Tuesday, August 26, 2008

Dodging Dodge City

If you ever have the opportunity to drive cross-country through Kansas, don’t. Really. When you do, you realize just why God decided to continuously attack it with tornadoes. He’s desperately trying to chase people away so he can finally install that scenic vacation lake he’s always wanted. It’s a flat wasteland of grass and… flatness, kind of like North Dakota, only without the interesting stuff. We decided to go though the endless state only because we wanted to see Dodge City, which was wholly not worth the drive to get there.

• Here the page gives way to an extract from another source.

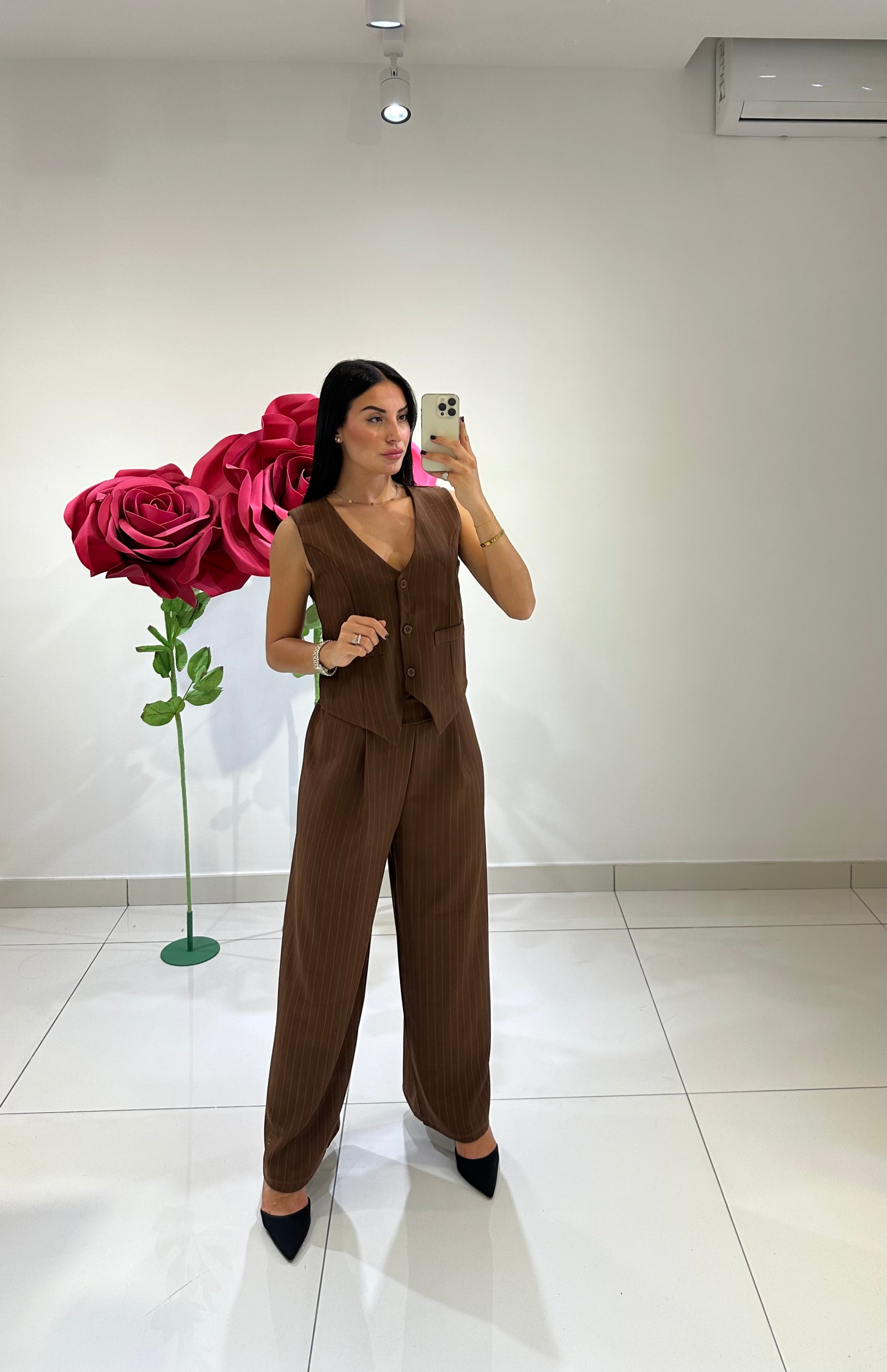 COORDSET GESSATO COMPOSTO DA GILLET CON TASCHE FINTE SUI LATI, PANTALONE GAMBA DRITTA, VITA ALTA CON ELASTICO SUL RETRO. IN VARI COLORI

Dodge City is full of mythology of the West turned into poor, rundown, city with little charm and even less concern for historical preservation. The old part of town, half reconstructed half repaired, looks tired, and the historical re-enactors looked bored. It could be because it was the end of the season, summer winding down to close and kids going back to school. All those buried on the infamous Boot Hill have been moved elsewhere, and all that remains of the old cowboy tales is a statue to commemorate them. Stores on the main drag outside of the enclosed and touristy Old Town were all closed and dusty with neglect, and the only restaurants note were the chains that haunted the highway exits just on the outskirts of town. The rest of the town was covered in oil and food processing plants, coloring the once brilliantly devious and ill-reputed town a dull and Dustbowl-hew of industrial tan. I found it sad that a town with so much history and fairy-tale, so much adventure and trouble-making, a town whose name everybody in America knows, has fallen to such low levels. It has the potential to be so… cool. Gunfights and cowboys and Indians and murder and intrigue and poker and dust and prostitution and glory of the Old West. Left to rot.

We also plugged through until Colorado, the entire eastern half of which, quite honestly, should be called “Kansas.” When you think of Colorado, you just don’t think of miles upon miles of flat grass without even so much as a barn for company. You think of high mountains and snow and skiing. Blah. It doesn’t bode well for Ft. Collins.